What to produce: Without the images, write out the entries word for word.

Material shown:
"""
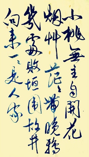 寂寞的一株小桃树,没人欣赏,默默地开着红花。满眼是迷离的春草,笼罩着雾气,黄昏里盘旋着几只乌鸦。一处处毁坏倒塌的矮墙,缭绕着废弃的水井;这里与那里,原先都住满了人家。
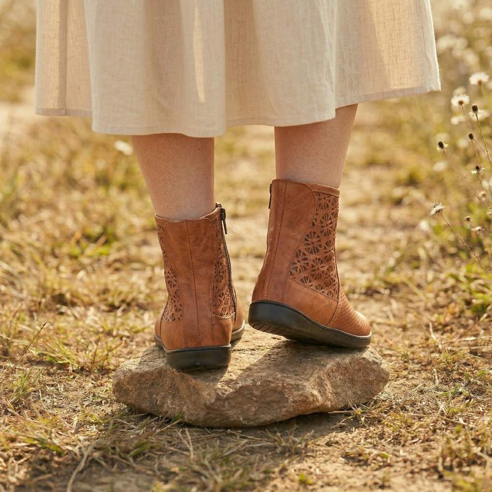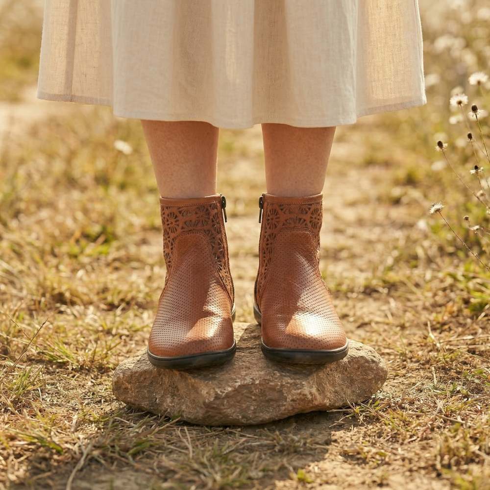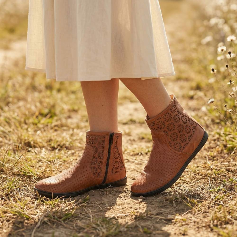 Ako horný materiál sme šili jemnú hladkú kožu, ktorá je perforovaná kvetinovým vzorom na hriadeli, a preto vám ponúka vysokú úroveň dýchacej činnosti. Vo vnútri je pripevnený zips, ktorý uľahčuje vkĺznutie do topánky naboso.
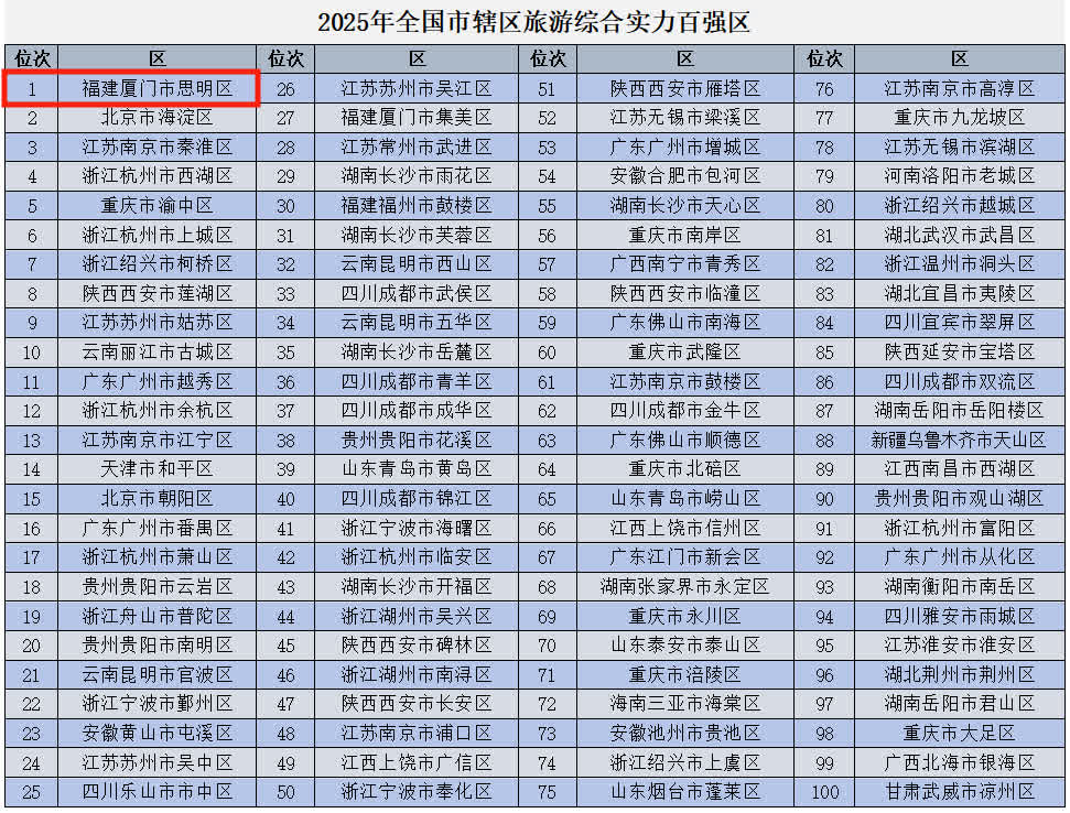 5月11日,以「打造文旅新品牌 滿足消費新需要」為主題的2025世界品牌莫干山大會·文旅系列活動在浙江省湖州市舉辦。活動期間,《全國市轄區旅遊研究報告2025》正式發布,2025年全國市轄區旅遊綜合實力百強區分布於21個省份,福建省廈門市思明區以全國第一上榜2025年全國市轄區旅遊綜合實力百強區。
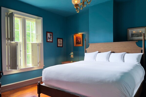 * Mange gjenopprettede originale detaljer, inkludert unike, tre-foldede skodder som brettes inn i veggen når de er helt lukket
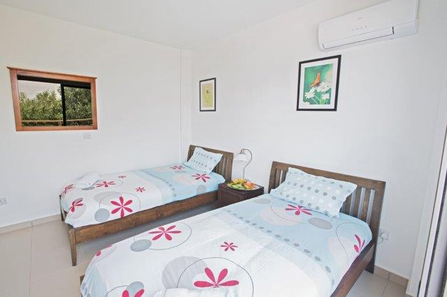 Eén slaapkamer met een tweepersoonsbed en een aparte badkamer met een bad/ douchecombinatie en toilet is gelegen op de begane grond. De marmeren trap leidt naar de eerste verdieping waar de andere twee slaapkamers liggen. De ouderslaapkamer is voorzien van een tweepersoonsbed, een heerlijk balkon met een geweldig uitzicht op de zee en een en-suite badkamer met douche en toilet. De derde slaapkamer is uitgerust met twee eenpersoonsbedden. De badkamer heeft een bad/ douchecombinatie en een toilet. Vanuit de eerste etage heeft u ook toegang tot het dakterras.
"""
Written solution:
 寂寞的一株小桃树,没人欣赏,默默地开着红花。满眼是迷离的春草,笼罩着雾气,黄昏里盘旋着几只乌鸦。一处处毁坏倒塌的矮墙,缭绕着废弃的水井;这里与那里,原先都住满了人家。
 Ako horný materiál sme šili jemnú hladkú kožu, ktorá je perforovaná kvetinovým vzorom na hriadeli, a preto vám ponúka vysokú úroveň dýchacej činnosti. Vo vnútri je pripevnený zips, ktorý uľahčuje vkĺznutie do topánky naboso.
 5月11日,以「打造文旅新品牌 滿足消費新需要」為主題的2025世界品牌莫干山大會·文旅系列活動在浙江省湖州市舉辦。活動期間,《全國市轄區旅遊研究報告2025》正式發布,2025年全國市轄區旅遊綜合實力百強區分布於21個省份,福建省廈門市思明區以全國第一上榜2025年全國市轄區旅遊綜合實力百強區。
 * Mange gjenopprettede originale detaljer, inkludert unike, tre-foldede skodder som brettes inn i veggen når de er helt lukket
 Eén slaapkamer met een tweepersoonsbed en een aparte badkamer met een bad/ douchecombinatie en toilet is gelegen op de begane grond. De marmeren trap leidt naar de eerste verdieping waar de andere twee slaapkamers liggen. De ouderslaapkamer is voorzien van een tweepersoonsbed, een heerlijk balkon met een geweldig uitzicht op de zee en een en-suite badkamer met douche en toilet. De derde slaapkamer is uitgerust met twee eenpersoonsbedden. De badkamer heeft een bad/ douchecombinatie en een toilet. Vanuit de eerste etage heeft u ook toegang tot het dakterras.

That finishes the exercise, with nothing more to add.